[[ DATA FOR THE TASK open ]]
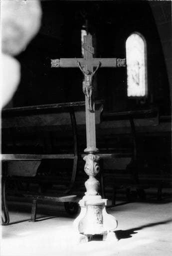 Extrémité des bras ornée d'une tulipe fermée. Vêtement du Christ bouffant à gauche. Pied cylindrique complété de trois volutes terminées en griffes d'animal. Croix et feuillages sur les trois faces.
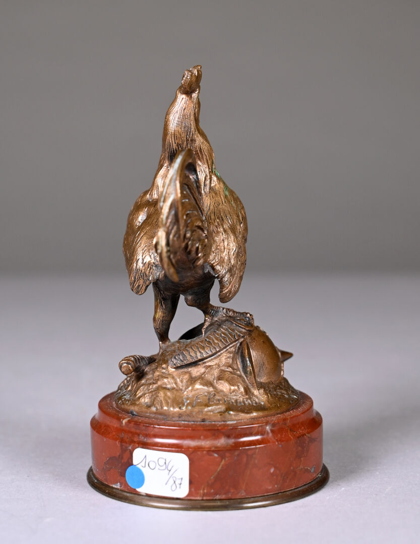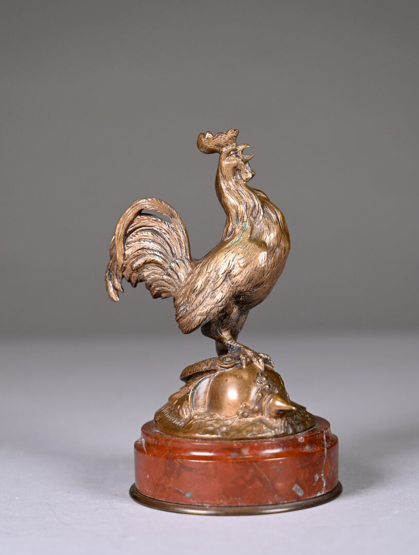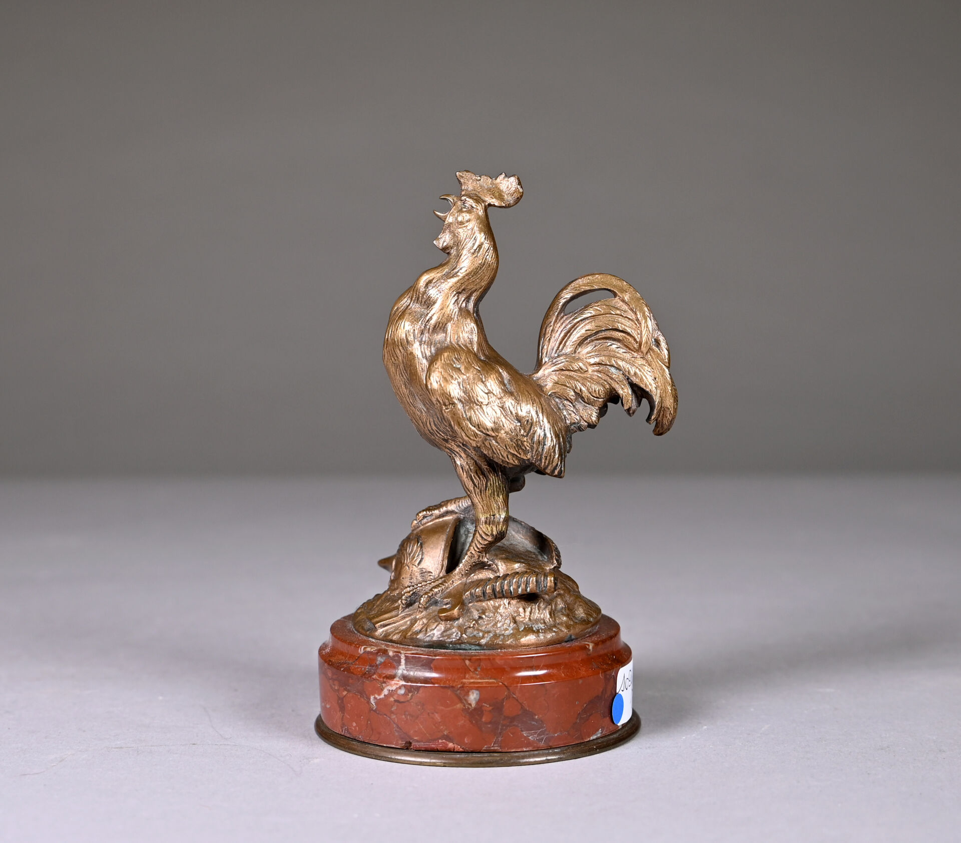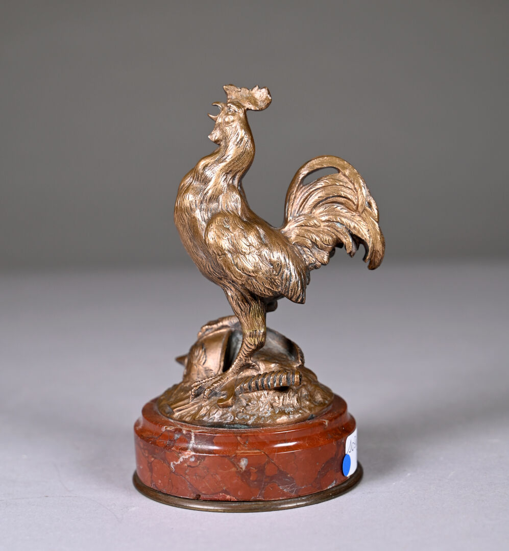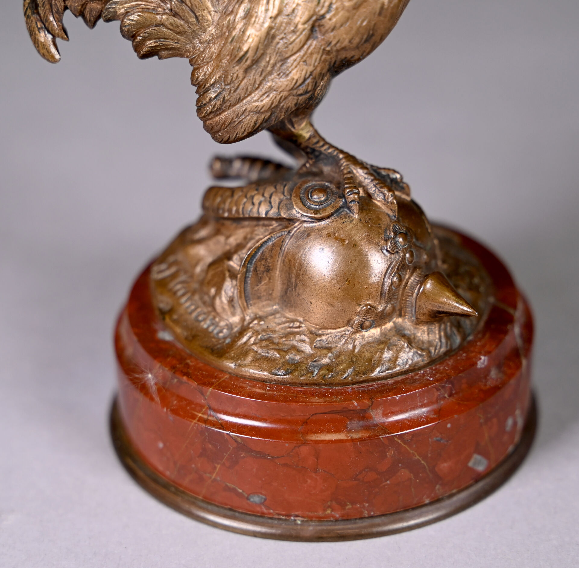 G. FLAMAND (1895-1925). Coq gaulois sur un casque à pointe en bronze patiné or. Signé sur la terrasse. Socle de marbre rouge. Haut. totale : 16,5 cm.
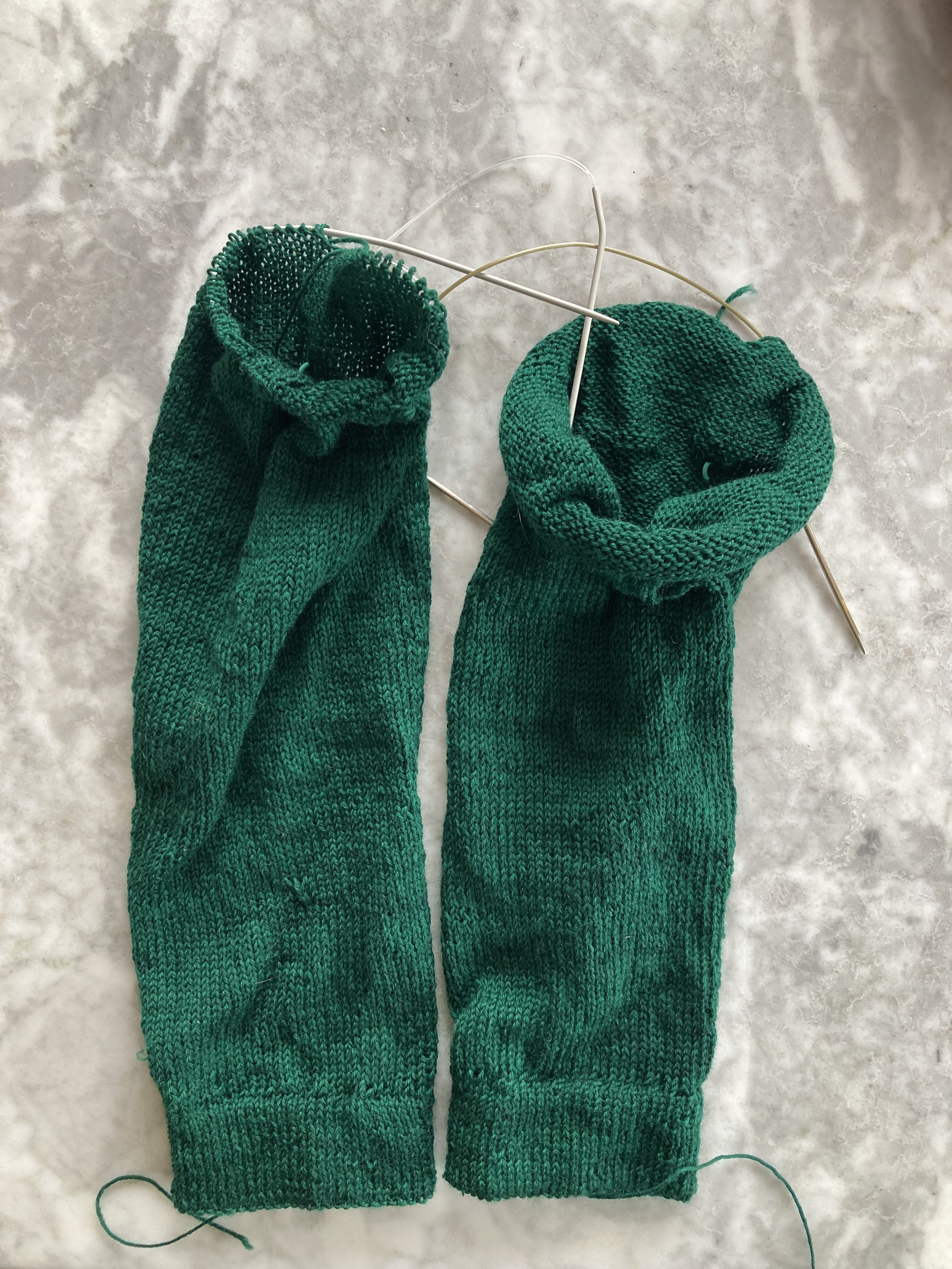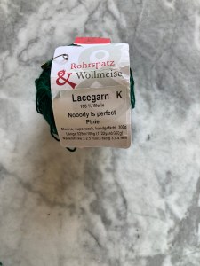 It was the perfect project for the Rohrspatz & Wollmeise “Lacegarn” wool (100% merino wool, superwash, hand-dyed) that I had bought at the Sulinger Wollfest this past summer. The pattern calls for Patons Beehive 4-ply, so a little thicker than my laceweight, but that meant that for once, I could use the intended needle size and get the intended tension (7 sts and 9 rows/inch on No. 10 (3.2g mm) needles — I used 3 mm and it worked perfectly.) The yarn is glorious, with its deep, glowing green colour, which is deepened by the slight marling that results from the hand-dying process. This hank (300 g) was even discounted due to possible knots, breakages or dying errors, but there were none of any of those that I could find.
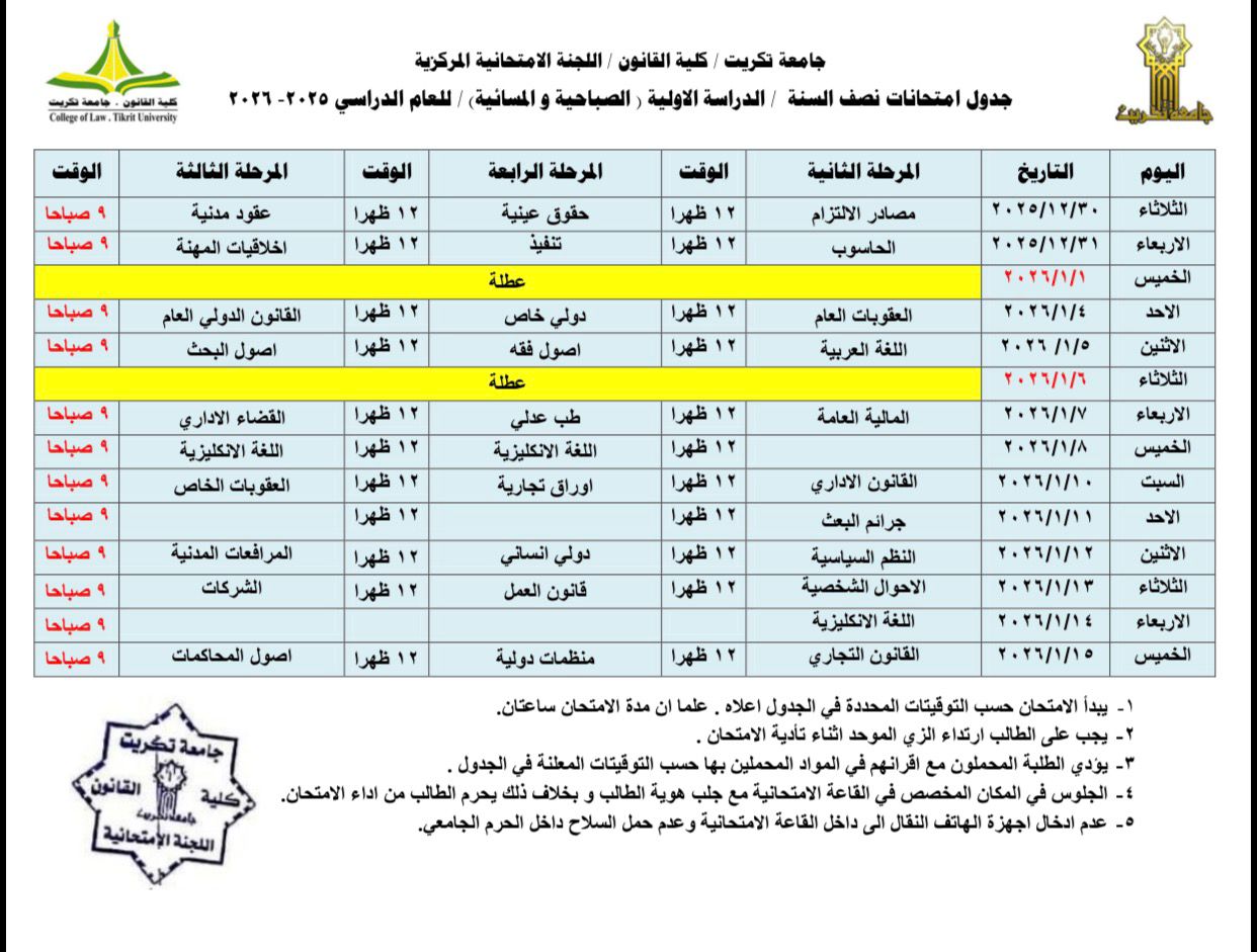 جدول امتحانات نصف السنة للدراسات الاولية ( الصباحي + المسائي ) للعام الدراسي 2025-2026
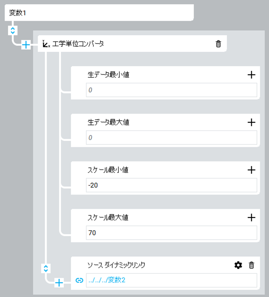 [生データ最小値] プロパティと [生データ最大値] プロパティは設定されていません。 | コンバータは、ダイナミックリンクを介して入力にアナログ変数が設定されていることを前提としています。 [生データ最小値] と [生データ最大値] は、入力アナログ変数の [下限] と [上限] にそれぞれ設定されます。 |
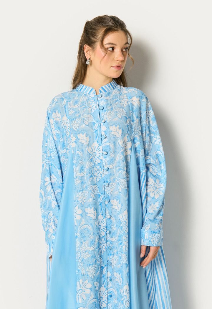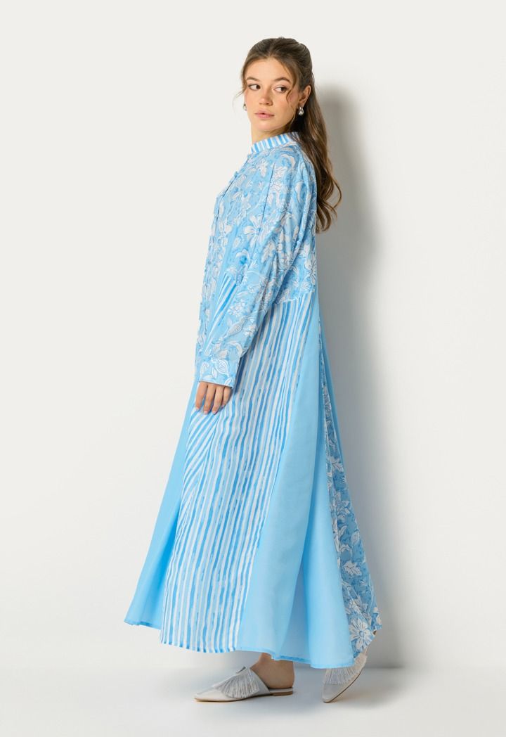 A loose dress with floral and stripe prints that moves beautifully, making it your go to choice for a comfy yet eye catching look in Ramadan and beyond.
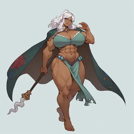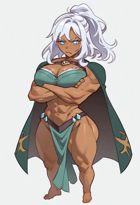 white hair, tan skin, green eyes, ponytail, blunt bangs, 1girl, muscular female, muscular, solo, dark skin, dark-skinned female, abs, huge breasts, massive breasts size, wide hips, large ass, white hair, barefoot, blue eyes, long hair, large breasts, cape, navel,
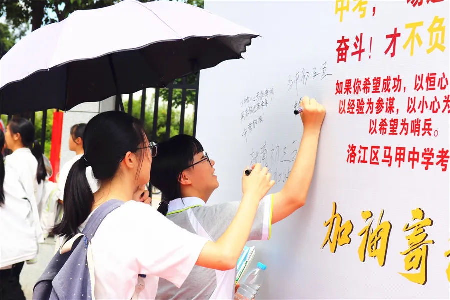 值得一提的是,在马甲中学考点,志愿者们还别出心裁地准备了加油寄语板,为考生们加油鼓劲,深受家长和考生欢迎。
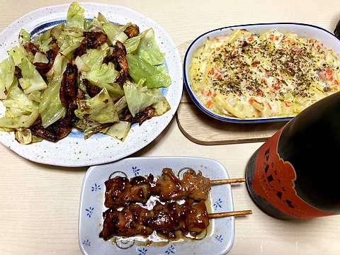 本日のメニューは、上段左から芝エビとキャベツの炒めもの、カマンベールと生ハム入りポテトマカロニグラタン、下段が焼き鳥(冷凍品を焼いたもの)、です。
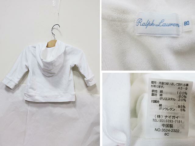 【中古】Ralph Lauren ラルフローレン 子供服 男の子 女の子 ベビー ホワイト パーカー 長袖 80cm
[[ DATA FOR THE TASK closed ]]
YOUR ASSIGNMENT: Where the data contains an image, skip the image and copy everything else exactly as it appears.

EXERCISE SOLUTION:
 Extrémité des bras ornée d'une tulipe fermée. Vêtement du Christ bouffant à gauche. Pied cylindrique complété de trois volutes terminées en griffes d'animal. Croix et feuillages sur les trois faces.
 G. FLAMAND (1895-1925). Coq gaulois sur un casque à pointe en bronze patiné or. Signé sur la terrasse. Socle de marbre rouge. Haut. totale : 16,5 cm.
 It was the perfect project for the Rohrspatz & Wollmeise “Lacegarn” wool (100% merino wool, superwash, hand-dyed) that I had bought at the Sulinger Wollfest this past summer. The pattern calls for Patons Beehive 4-ply, so a little thicker than my laceweight, but that meant that for once, I could use the intended needle size and get the intended tension (7 sts and 9 rows/inch on No. 10 (3.2g mm) needles — I used 3 mm and it worked perfectly.) The yarn is glorious, with its deep, glowing green colour, which is deepened by the slight marling that results from the hand-dying process. This hank (300 g) was even discounted due to possible knots, breakages or dying errors, but there were none of any of those that I could find.
 جدول امتحانات نصف السنة للدراسات الاولية ( الصباحي + المسائي ) للعام الدراسي 2025-2026
 [生データ最小値] プロパティと [生データ最大値] プロパティは設定されていません。 | コンバータは、ダイナミックリンクを介して入力にアナログ変数が設定されていることを前提としています。 [生データ最小値] と [生データ最大値] は、入力アナログ変数の [下限] と [上限] にそれぞれ設定されます。 |
 A loose dress with floral and stripe prints that moves beautifully, making it your go to choice for a comfy yet eye catching look in Ramadan and beyond.
 white hair, tan skin, green eyes, ponytail, blunt bangs, 1girl, muscular female, muscular, solo, dark skin, dark-skinned female, abs, huge breasts, massive breasts size, wide hips, large ass, white hair, barefoot, blue eyes, long hair, large breasts, cape, navel,
 值得一提的是,在马甲中学考点,志愿者们还别出心裁地准备了加油寄语板,为考生们加油鼓劲,深受家长和考生欢迎。
 本日のメニューは、上段左から芝エビとキャベツの炒めもの、カマンベールと生ハム入りポテトマカロニグラタン、下段が焼き鳥(冷凍品を焼いたもの)、です。
 【中古】Ralph Lauren ラルフローレン 子供服 男の子 女の子 ベビー ホワイト パーカー 長袖 80cm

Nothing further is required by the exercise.